Cottbus + Tarife: Bus und Bahn werden in Cottbus teurer Tarifanpassung zum 1. August / Vier-Fahrten-Karte und Einzelfahrausweise stabil, aus Lausitzer Rundschau

http://www.lr-online.de/regionen/cottbus/Bus-und-Bahn-werden-in-Cottbus-teurer;art1049,4276499

#Cottbus Der Verkehrsverbund Berlin-Brandenburg (#VBB) erhöht zum 1. August die #Preise für den öffentlichen Nahverkehr. Damit werden auch bei #Cottbusverkehr die Fahrten mit Bus und Straßenbahn teurer. Dabei bleiben dem städtischen Verkehrsbetrieb zufolge die Kosten für die #Einzelfahrausweise weitgehend stabil. Auch die beliebten #Vier-Fahrten-Karten kosten demnach weiterhin fünf Euro und das Pückler-Ticket unverändert 2,80 Euro. Dagegen steigt der Preis der ermäßigten Tageskarte von 3,90 Euro auf vier Euro.
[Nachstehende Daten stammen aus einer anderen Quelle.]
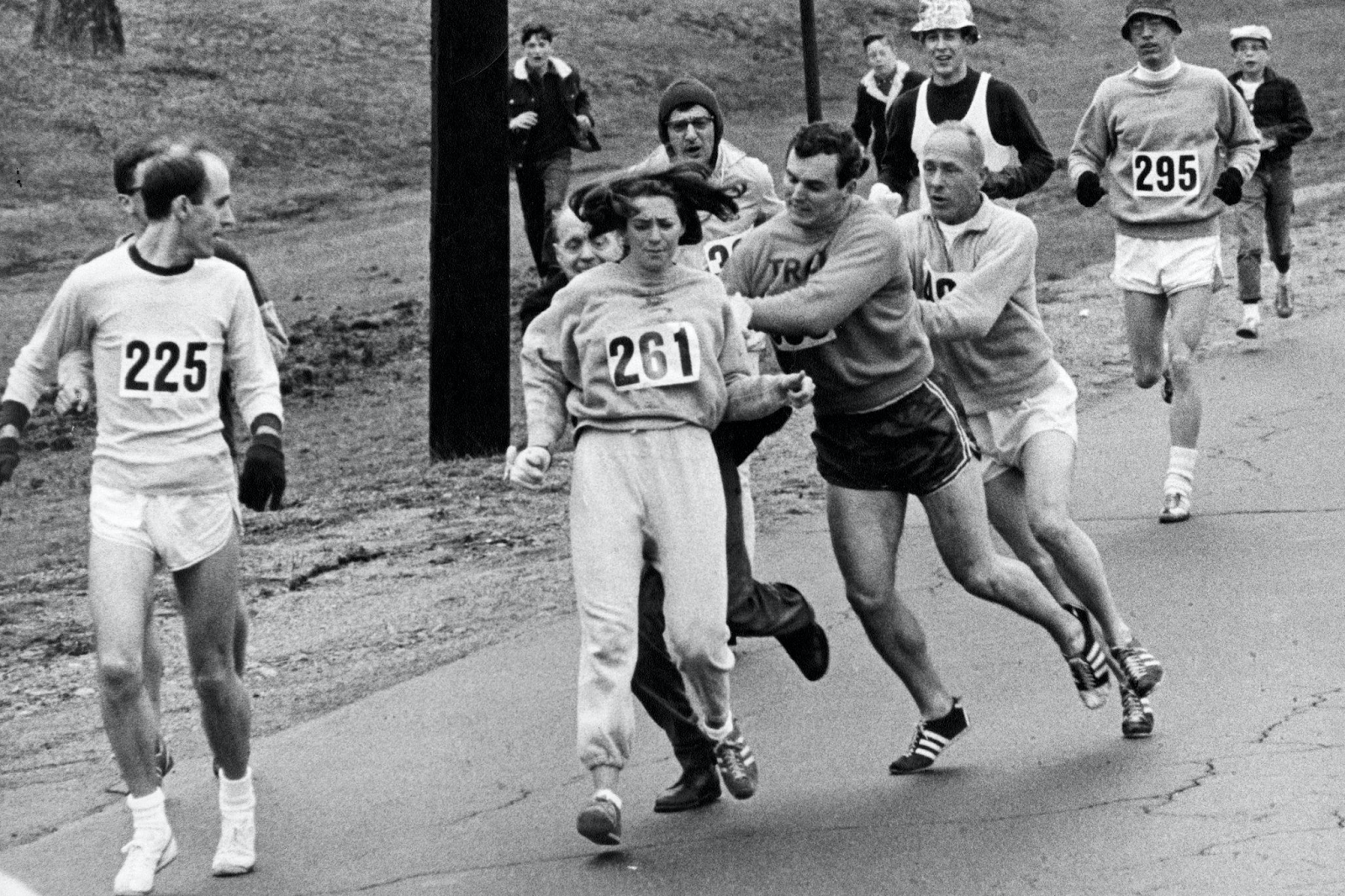 The previous year, in 1967, women weren’t allowed to participate in the Boston Marathon, so Kathrine Switzer entered as K.V. Switzer to conceal her gender. Two miles in, an official tried to physically remove her from the course, pulling at her arms and clothing. She finished anyway, becoming the first woman to officially complete the race.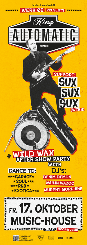 King Automatic ist weit mehr als ein Singer/Songwriter mit Band – er ist ein Ein-Mann-Orchester, der live alle Instrumente und Sounds selbst erzeugt. Er greift auf Loops, Samples und Liveschleifen zurück, um mit Gitarre, Harfe, Schlagzeug, Orgel und weiteren Klangquellen dichte Soundlandschaften zu schaffen. Sein Stil lässt sich nicht einfach in eine Schublade stecken: Er kombiniert Garagen- und Trashrock mit Blues, Rocksteady, exotischen Rhythmen und musikalischen Referenzen von Westafrika bis Jamaika. Ursprünglich Drummer bei der französischen Punkband Thundercrack, setzte er Mitte der 2000er Jahre seinen Wandel fort und begann, sich als Solointerpret neu zu erfinden. Sux Sux Sux – Chaos am Strand Stell dir vor, du verbringst einen Tag am Strand mit The Mummies und Black Lips – genau so klingt Sux Sux Sux! Ehemals Salami Sux aus Wien und St. Paul/Texas, liefern sie dreckigen Garage-Punk, Trash-Humor und pure Energie. Zieh deine Shorts an, schnapp dir deinen Salami-Recorder und lass dich vom Sound blasten!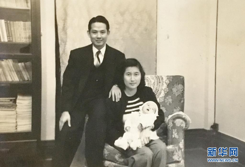 黄作梅一家三口合影,婴儿为幼年黄伟建(资料照片)。新华社发(受访者提供)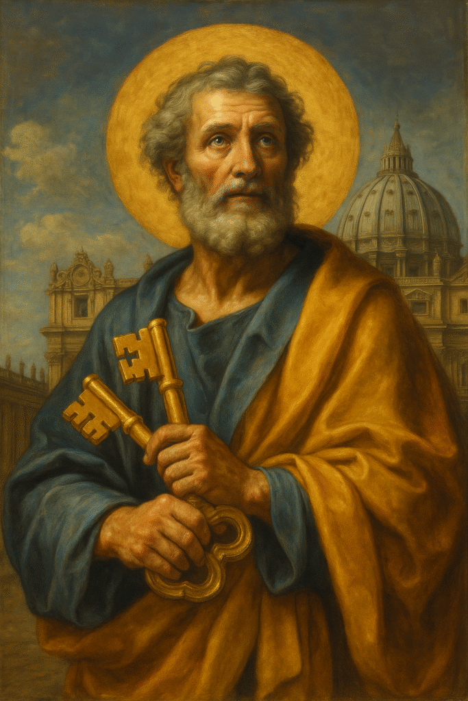 Simón, llamado más tarde Pedro por Jesús, nació en Betsaida y vivía en Cafarnaúm, donde se dedicaba a la pesca en el lago de Tiberíades. Junto a su hermano Andrés, fue invitado por el Maestro a dejar las redes y seguirlo, convirtiéndose en uno de los primeros discípulos de Cristo. Junto a Santiago y Juan, fue testigo de momentos clave del Evangelio: la resurrección de la hija de Jairo, la transfiguración en el monte Tabor y la agonía de Jesús en Getsemaní.
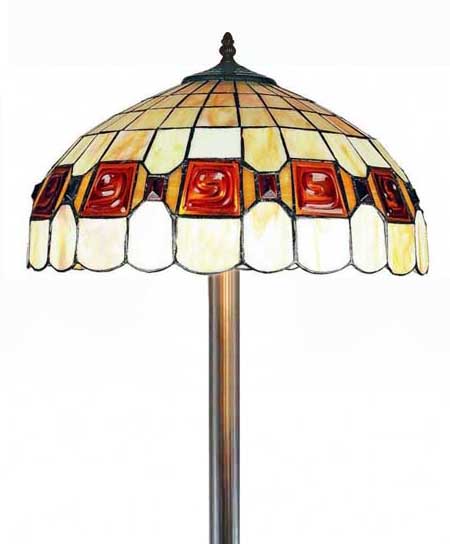 Торшер Тиффани со строгим геометрическим рисунком на плафоне ручной рабрты. Выполнен вручную. Ножка торшера металлическая, с напольным переключателем на шнуре. Витраж-стекло, техника исполнения тиффани.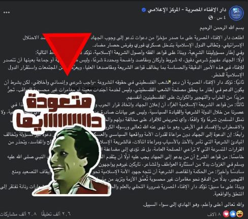 في بيان رسمي قالت دار الإفتاء المصرية “الجهاد في الإسلام مفهوم شرعي منضبط، له شروط محددة، ولا يجوز لأي جماعة أو جهة غير مخولة أن تصدر فتاوى أو دعوات بشأنه بمعزل عن المؤسسات الدينية والدول الرسمية، مؤكدة أن مثل هذا التحريض قد يؤدي إلى زعزعة الأمن والاستقرار، وإلى نتائج كارثية تمس الشعوب الإسلامية ذاتها.”.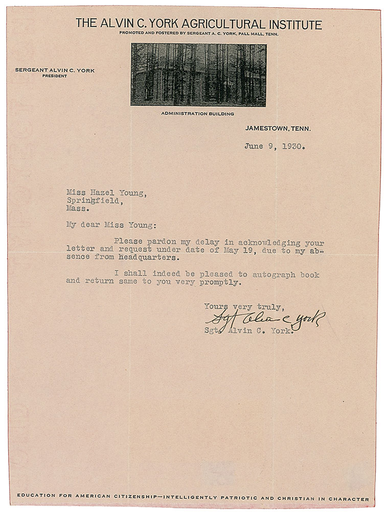 American World War I hero (1887–1964) who received the Medal of Honor for leading a successful charge on a German machine-gun nest that resulted in 28 German deaths and the capture of 132 prisoners. TLS, one page, 7.5 x 10, Alvin C. York Agricultural Institute letterhead, June 9, 1930. Short letter to an admirer. In full: “Please pardon my delay on acknowledging your letter and request under date of May 19, due to my absence from headquarters. I shall indeed be pleased to autograph book and return same to you very promptly.” Letter is affixed to an identical size sheet of cardstock. In fine condition, with intersecting folds, one through a single letter of signature, and trimmed edges. Pre-certified PSA/DNA and RR Auction COA.
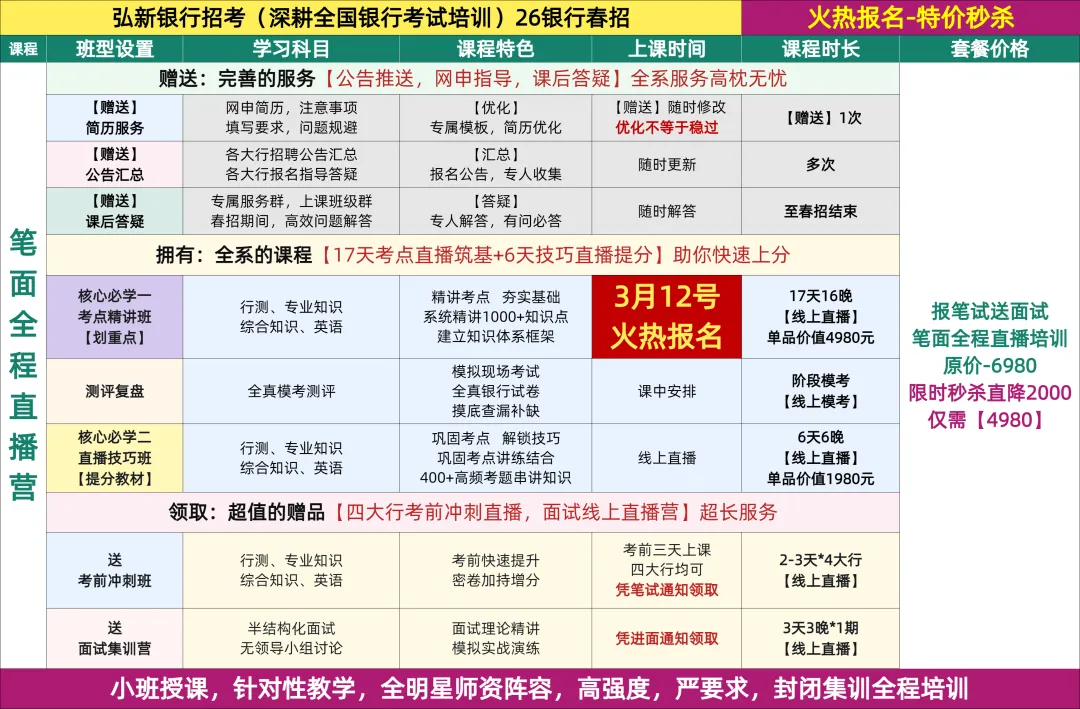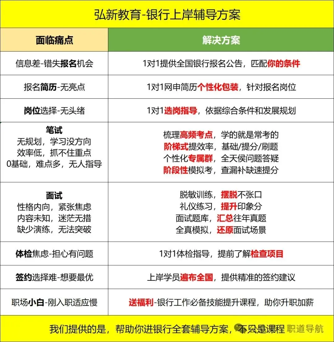春招节奏快,网申、笔试、面试环环相扣,孩子自己备考容易抓不住重点。弘新教育深耕全国银行招聘考试,是行业老牌子,家长完全可以放心: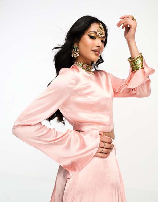 Kanya London Bridesmaid Lehenga long sleeve crop top in peach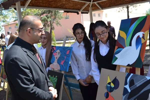 Diyarbakır, 29 Nisan (Hibya) - Diyarbakır’ın Bismil ilçesinde, Bismil Anadolu Lisesi tarafından düzenlenen “Renklerin ve Seslerin Buluşması” adlı resim sergisi, törenle açıldı.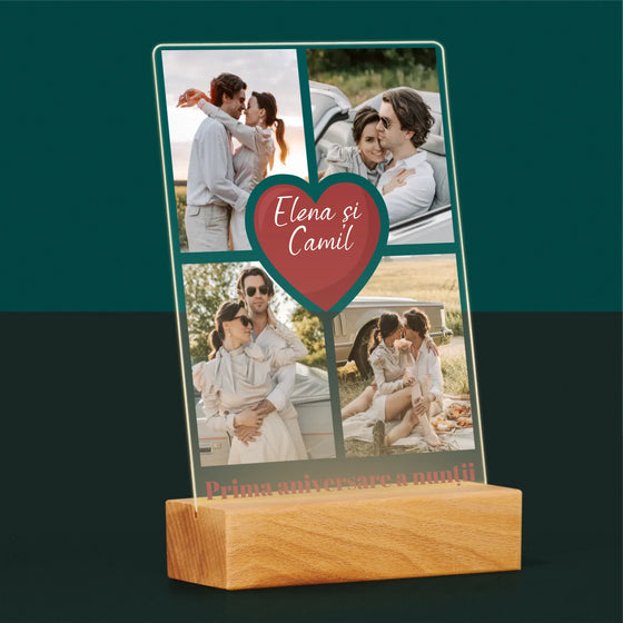 85 leipreț unitar /Nu este disponibilColaj De Fotografii: Prima Aniversare A Nunții – Inimă - Imprimare pe sticlă acrilică LED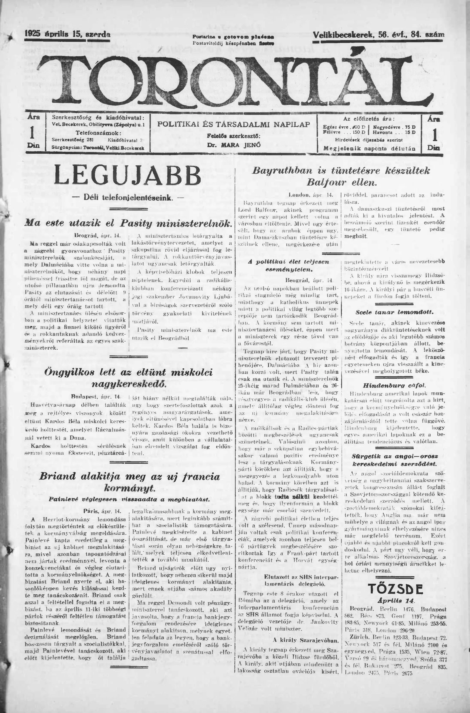 Torontál, 54. évf. 1925. április 15. 84. sz.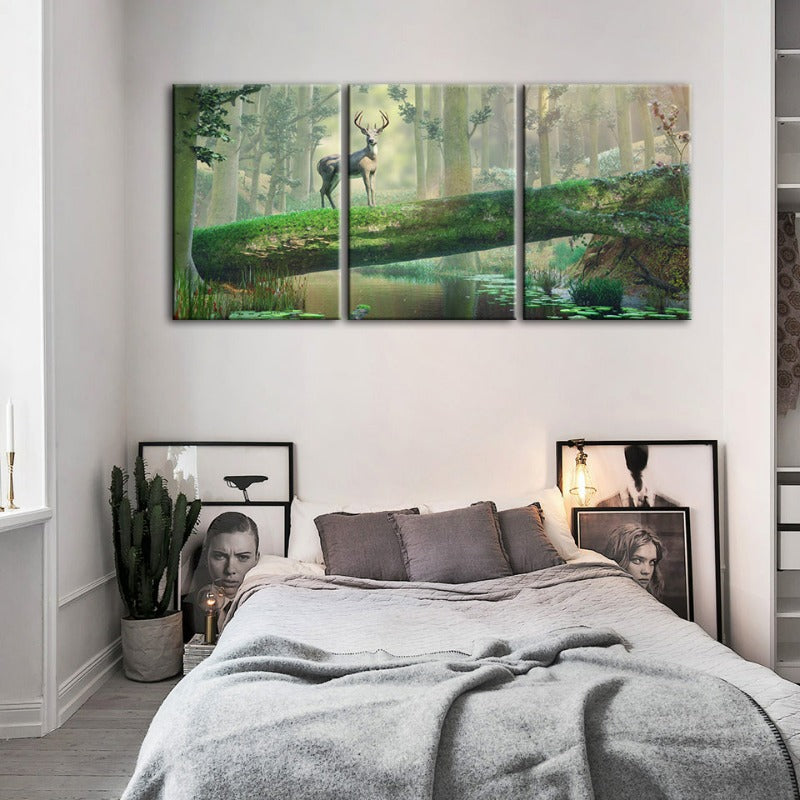 Enchanted Forest Deer-Canvas Wall Art Painting 3 Pieces
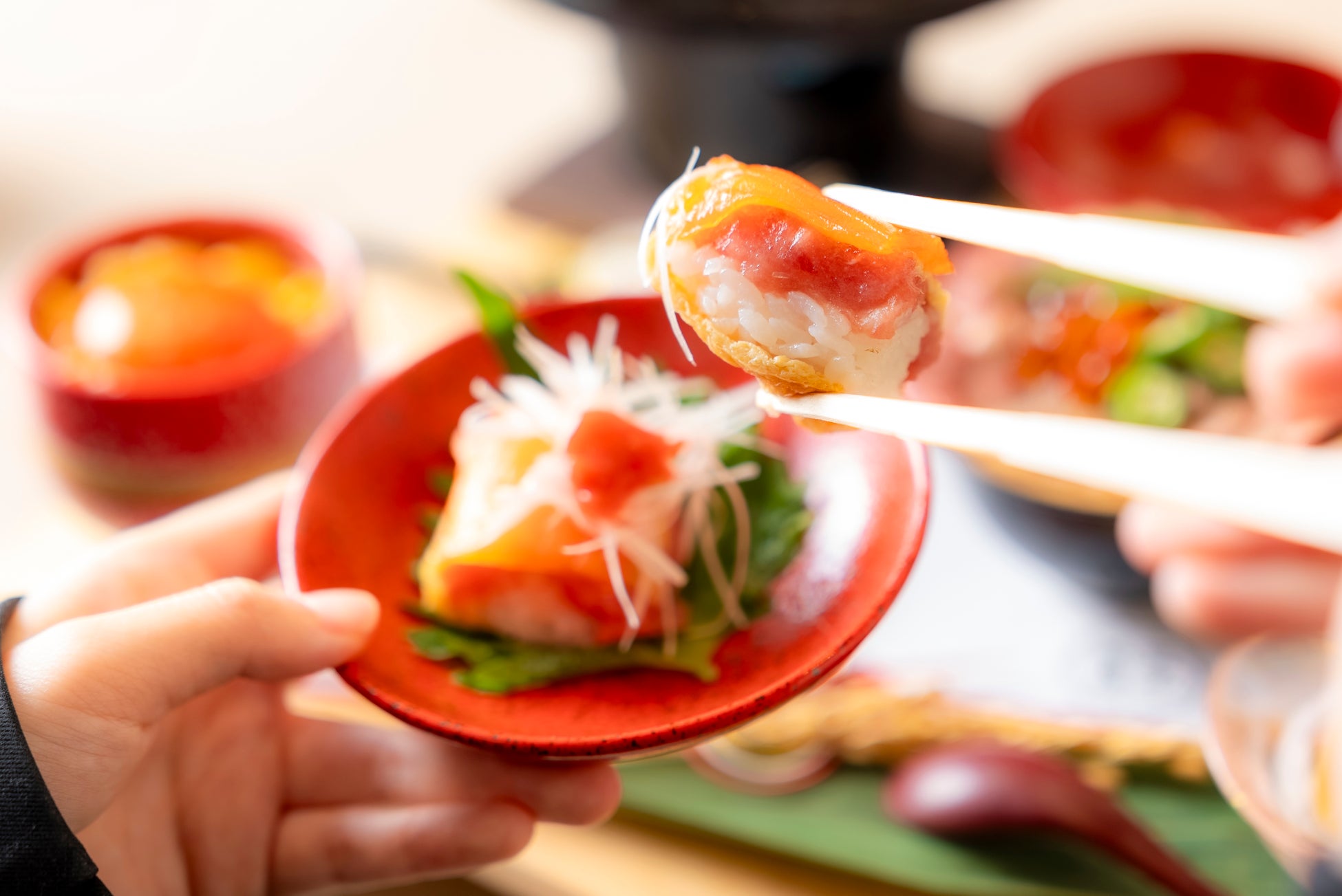 マグロのたたきを巻いたいなり寿司にサーモンといちじくのソースを添えました。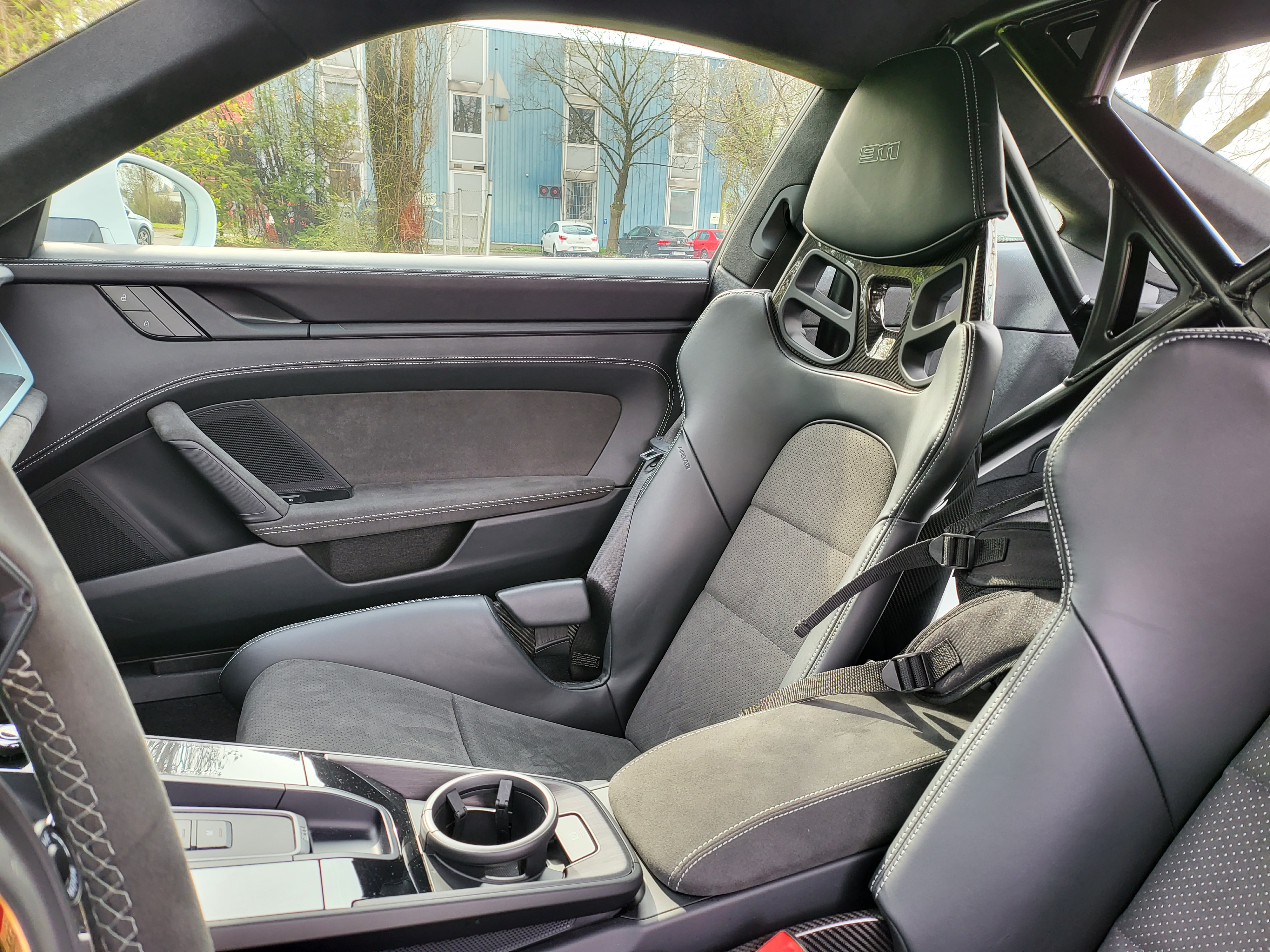 Einen Porsche 911 über ein buckelige Schotterpiste zu dreschen oder womöglich einen Sanddüne zu erklimmen, ist im Normalfall ungefähr so widersinnig wie mit einem Land Rover Defender auf einer Formel-1-Rennstrecke sein Glück zu finden. Porsche versucht diesen spannenden Spagat und bringt das limitierte Sondermodell Dakar auf die Straße – oder in diesem Fall „neben“ die Straße. Der Porsche 911 Dakar soll an den Dakarsieg im Jahre 1984 erinnern. Das Original war ein Ungetüm mit viel Kraft, null Komfort und einer Lautstärke, die wohl jeden Elefanten am Wegrand in die Flucht gejagt hätte. Wenn man im neuen 911 Dakar den Motor startet, wird klar, dass auch die moderne Version das Zeug hat, nicht nur die lieben Nachbarn frühmorgendlich aus dem Bett zu verjagen. Nein, der ist alles andere als ein leiser Weichspül-Sportler. Das zeigen auch die doch etwas harten, giftigen Carbon-Schalensitze. Und damit das Rallyefeeling aufkommt, wurde auch noch eine Art Überrollkäfig spendiert.

Die Fahrrad-Tageskarte erhöht sich ebenfalls um zehn Cent auf drei Euro und die Kleingruppen-Tageskarte (Tarif AB/BC) ist künftig für 7,50 Euro sowie im ABC-Tarif für 13,90 Euro erhältlich. Im Landkreis Spree-Neiße steigen die Preise der Einzelfahrscheine im Regel- und Ermäßigungstarif um je zehn Cent, die der Tageskarten um je 20 Cent. Gruppenkarten kosten zwischen zehn und 30 Cent mehr. Die Zeitkarten werden im Schnitt um 2,5 Prozent teurer. Im Voraus erworbene und nicht benutzte Fahrausweise – außer Zeitkarten – sind bis zum 31. August gültig. „Sie müssen bis zu dem Zeitpunkt …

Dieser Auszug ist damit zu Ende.